I have a morning reboot at 6:00am everyday for avoid such cases, but device remain stuck until someone unplug the power and power again

I found out I have watchdog and documentation says

Watchdog framework support	Registration with WDT framework
System reset on CPU hang	System reset on WDT expiry
Suspend/resume support	Suspend/resume handling
Watchdog interrupt support	WDT reset on ISR
Watchdog polling/ping support	WDT start/stop/pin from user space
$ file /dev/watchdog
/dev/watchdog: character special (10/130)

Is it all just software watchdog and in case something happen on hardware level there is nothing todo for self restore?

Full log attached
syslog.txt (1.2 MB)

Hi nox.gias,

What’s your Jetpack version in use?

It seems you are using a custom board for Orin Nano.
Do you run any application on your board before it gets errors?

Could you boot your board now?
Have you tried to re-flash the board and check if it could get recovered?

HI Kevin,

Jetpack 5.1.1

It seems you are using a custom board for Orin Nano.

Yes its carrier board from seed ( p3509-a02+p3767-0000 )

Do you run any application on your board before it gets errors?

Yes, there is python application running, dont think problem in app, as all others devices are fine

Could you boot your board now?

Yes, its fine after manual restart, problem in such restart, when it delivered to client, its no possible to restart manually anymore.

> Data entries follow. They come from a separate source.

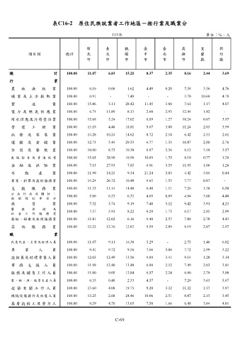 表C16-2 原住民族就業者工作地區-按行業及職業分
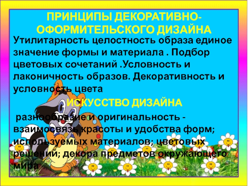 Слайд 5ПРИНЦИПЫ ДЕКОРАТИВНО- ОФОРМИТЕЛЬСКОГО ДИЗАЙНА
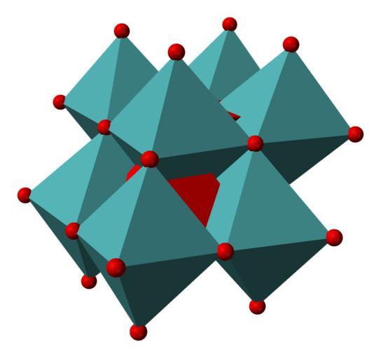 | Keywords: Beta-octamolybdate-anion-from-xtal-3D-polyhedra-B.png Polyhedral model of the β-octamolybdate anion β-Mo<sub>6</sub>O<sub>26</sub><sup>4 ˆ’</sup> as found in the crystal structure of tetraimidazolium β-octamolybdate VI C<sub>3</sub>H<sub>5</sub>N<sub>2</sub> <sub>4</sub>β-Mo<sub>8</sub>O<sub>26</sub> X-ray crystallographic data from http //dx doi org/10 1107/S0108270100012221 Acta Cryst 2000 C56 e441-e442 Model constructed in http //www crystalmaker com/ CrystalMaker 8 1 Image generated in http //accelrys com/products/discovery-studio/visualization/discovery-studio-visualizer html Accelrys DS Visualizer Own 2008-03-14 Ben Mills Benjah-bmm27 Images by Ben Mills Beta-octamolybdate ion |
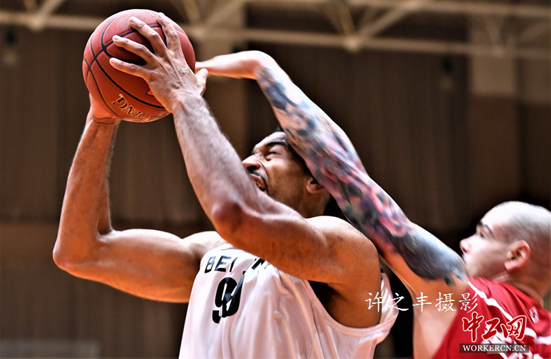 2019年6月16日晚,NBL篮球联赛第十三轮北京雄鹿队主场以87比113广西威壮队。广西豪取12连胜,稳居积分榜首位。双方比赛数据:北京雄鹿队,外援杨得到31分10篮板,霍利菲尔德拿下29分20篮板。广西队,外援茨尔伯斯得到34分9篮板,陈柯良21分,李明皓12分。图为双方的比赛。工人日报-中工网许之丰摄影报道
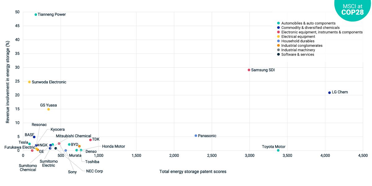 Top 25 companies ranked by patent scores in energy storage. Companies had to have revenue involvement in energy storage to be included. Data as of Nov. 20, 2023. Source: MSCI ESG Research
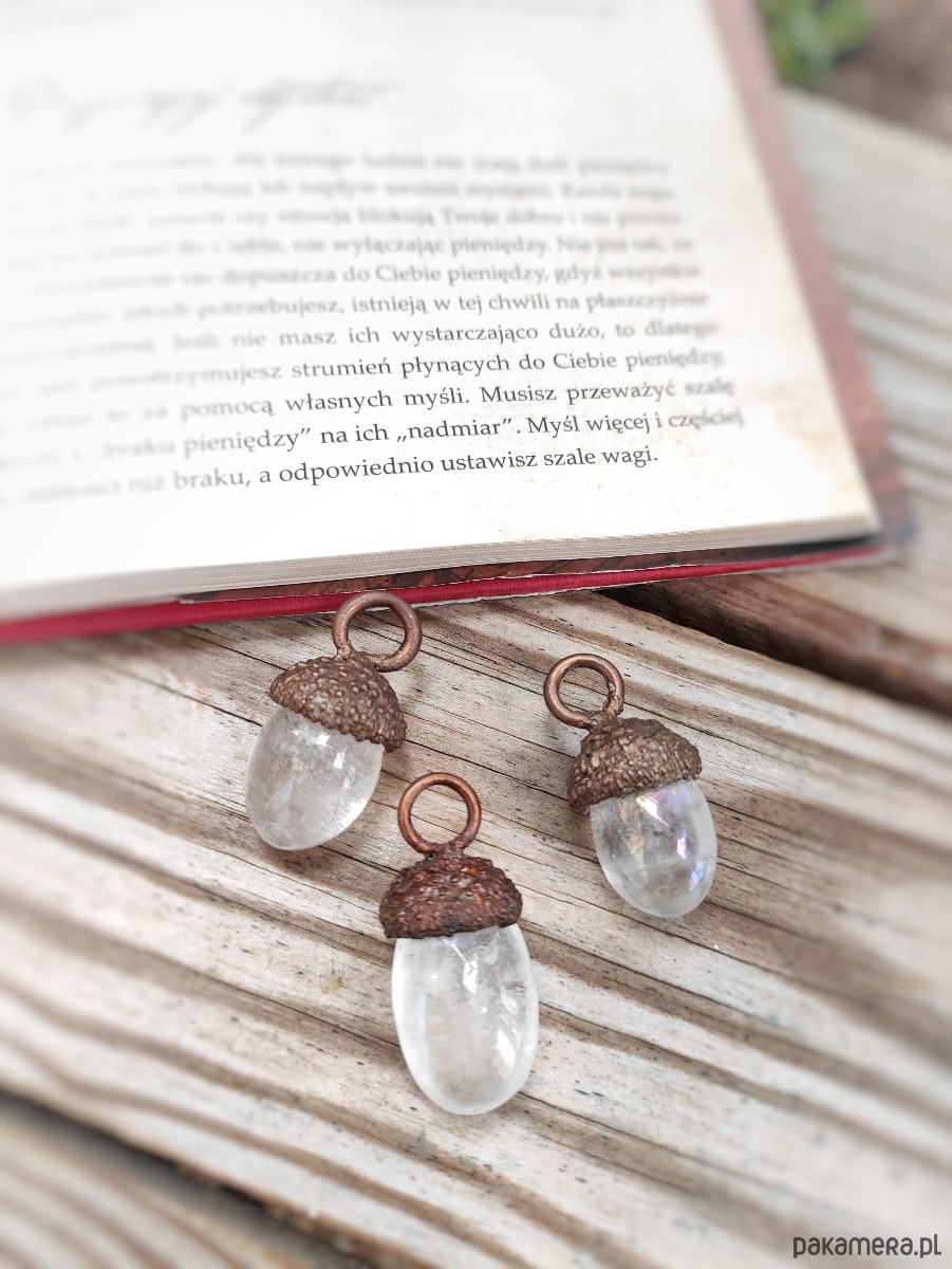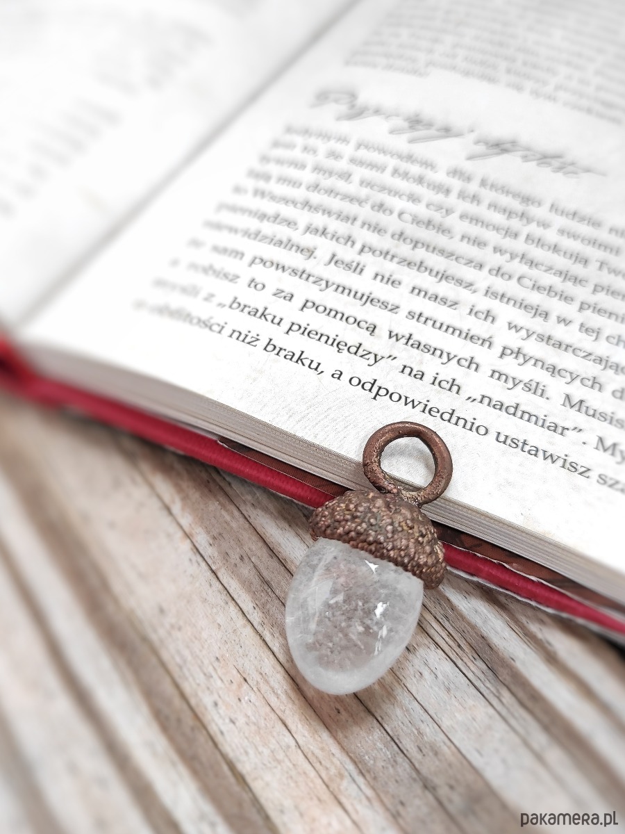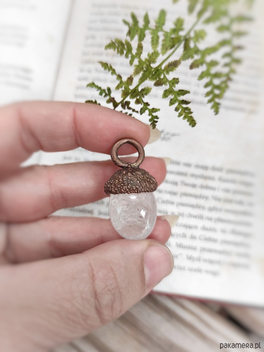 Żołądź od wieków oznacza siłę i wzrost, miedź wspomaga intuicję, a kryształ aura harmonizuje energię. To talizman równowagi i inspiracji.

Have you tried to re-flash the board and check if it could get recovered?

No, device are not bricked and start working again after manual restart. I am looking for solution when / if it will happen next time, device can repair it self ( restart ) and go on. Is this hardware problem?

Do you mean that only one board hit this issue?
If so, how about the fail rate?

Couldn’t your client perform the manual restart for your product?

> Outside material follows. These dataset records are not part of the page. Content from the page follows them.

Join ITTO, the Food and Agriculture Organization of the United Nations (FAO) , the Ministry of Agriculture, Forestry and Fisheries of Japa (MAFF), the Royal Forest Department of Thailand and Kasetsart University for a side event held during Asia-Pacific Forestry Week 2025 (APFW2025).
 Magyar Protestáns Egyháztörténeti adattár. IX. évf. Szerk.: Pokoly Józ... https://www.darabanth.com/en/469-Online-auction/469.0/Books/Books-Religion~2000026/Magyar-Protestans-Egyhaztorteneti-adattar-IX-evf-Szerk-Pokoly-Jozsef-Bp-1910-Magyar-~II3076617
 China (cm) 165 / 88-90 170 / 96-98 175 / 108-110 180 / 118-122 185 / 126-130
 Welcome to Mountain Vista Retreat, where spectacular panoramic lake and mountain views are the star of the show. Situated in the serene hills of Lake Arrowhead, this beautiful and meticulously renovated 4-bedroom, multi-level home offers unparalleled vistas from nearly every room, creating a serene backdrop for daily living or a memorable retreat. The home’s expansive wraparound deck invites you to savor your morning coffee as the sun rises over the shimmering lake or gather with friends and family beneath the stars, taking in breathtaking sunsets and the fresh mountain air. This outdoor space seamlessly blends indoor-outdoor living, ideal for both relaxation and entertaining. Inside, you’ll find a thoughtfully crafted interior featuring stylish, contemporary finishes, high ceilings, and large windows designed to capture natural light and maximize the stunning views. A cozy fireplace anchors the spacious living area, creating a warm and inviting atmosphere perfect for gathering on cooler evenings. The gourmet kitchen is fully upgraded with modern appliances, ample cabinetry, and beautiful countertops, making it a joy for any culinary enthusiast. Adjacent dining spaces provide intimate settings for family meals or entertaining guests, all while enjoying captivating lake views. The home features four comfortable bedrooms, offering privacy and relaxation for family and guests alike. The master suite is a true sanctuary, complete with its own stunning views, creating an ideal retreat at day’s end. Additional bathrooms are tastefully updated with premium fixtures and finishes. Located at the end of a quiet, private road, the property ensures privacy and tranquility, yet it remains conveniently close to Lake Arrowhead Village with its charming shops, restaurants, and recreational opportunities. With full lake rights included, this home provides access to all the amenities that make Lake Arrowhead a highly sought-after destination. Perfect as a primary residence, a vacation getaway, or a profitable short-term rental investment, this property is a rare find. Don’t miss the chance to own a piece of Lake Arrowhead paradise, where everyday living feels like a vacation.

How did you perform the reboot everyday?

Where did you get these messages?

Do you mean that only one board hit this issue?
If so, how about the fail rate?

Yeah, its happen second time over the year, total ~100 devices ( not so much, but before expansion to ~500 would be great to resolve it somehow )

Couldn’t your client perform the manual restart for your product?

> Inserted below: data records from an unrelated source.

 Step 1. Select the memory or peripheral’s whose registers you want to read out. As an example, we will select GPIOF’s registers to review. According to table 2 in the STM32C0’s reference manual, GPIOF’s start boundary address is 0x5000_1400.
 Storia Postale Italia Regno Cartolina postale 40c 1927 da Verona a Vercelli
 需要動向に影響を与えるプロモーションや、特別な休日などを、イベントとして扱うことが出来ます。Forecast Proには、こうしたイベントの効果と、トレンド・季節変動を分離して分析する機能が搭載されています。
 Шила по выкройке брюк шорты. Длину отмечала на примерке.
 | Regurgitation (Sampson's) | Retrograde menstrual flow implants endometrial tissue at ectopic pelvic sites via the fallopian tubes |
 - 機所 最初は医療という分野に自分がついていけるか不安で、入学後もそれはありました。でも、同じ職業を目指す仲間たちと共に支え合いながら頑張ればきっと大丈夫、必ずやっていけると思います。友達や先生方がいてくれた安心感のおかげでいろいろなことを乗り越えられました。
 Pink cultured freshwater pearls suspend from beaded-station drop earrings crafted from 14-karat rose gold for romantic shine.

Unfortunately no ( we tried ), best solution we came up are using smart sockets for remote restart, but that big problem to get them online in client protected network ( + security reasons ) So looking solution with board itself

How did you perform the reboot everyday?

Just a cron 0 6 * * * shutdown -r now

Where did you get these messages?

under LSIO section ( not sure what does it mean, google didnt helped )
https://docs.nvidia.com/jetson/archives/r35.4.1/DeveloperGuide/text/SO/JetsonOrinSeries.html#lsio

Have you tried to perform reboot stress test to reproduce and debug the issue?

Jan 25 06:00:07 qt163 kernel: [    1.541074] tegra_wdt_t18x 2190000.watchdog: Tegra WDT init timeout = 120 sec
Jan 25 06:00:07 qt163 kernel: [    1.548230] tegra_wdt_t18x 2190000.watchdog: Registered successfully

Watchdog has been enabled on your board by default and it would be triggered after 120s timeout.

Is your “stuck” issue happening when you run shutdown -r now at 6am? Or it happens occassionally?

Have you tried to perform reboot stress test to reproduce and debug the issue?

No, how to do that? I remember there is a tool which load CPU on 100%, something like that? Should we do it for each device for catch if there any hardware problem?

Watchdog has been enabled on your board by default and it would be triggered after 120s timeout.

Look like its coming from CPU itself, means if CPU experience internal fatal error for any reason, it will not help?

Is your “stuck” issue happening when you run shutdown -r now at 6am? Or it happens occassionally?

This time right after morning restart, last time its hard to recall ( was 6moths ago ), I think in a middle of day was kernel panic with a lot @^@^@^@ in logs, restart resolved the issue

Stress test for reboot is to help you finding if there’s potential issue hard to be reproduced and improve the reliability of your product.
You could just write a script to execute shutdown -r now command and let this script run automatically after boot up.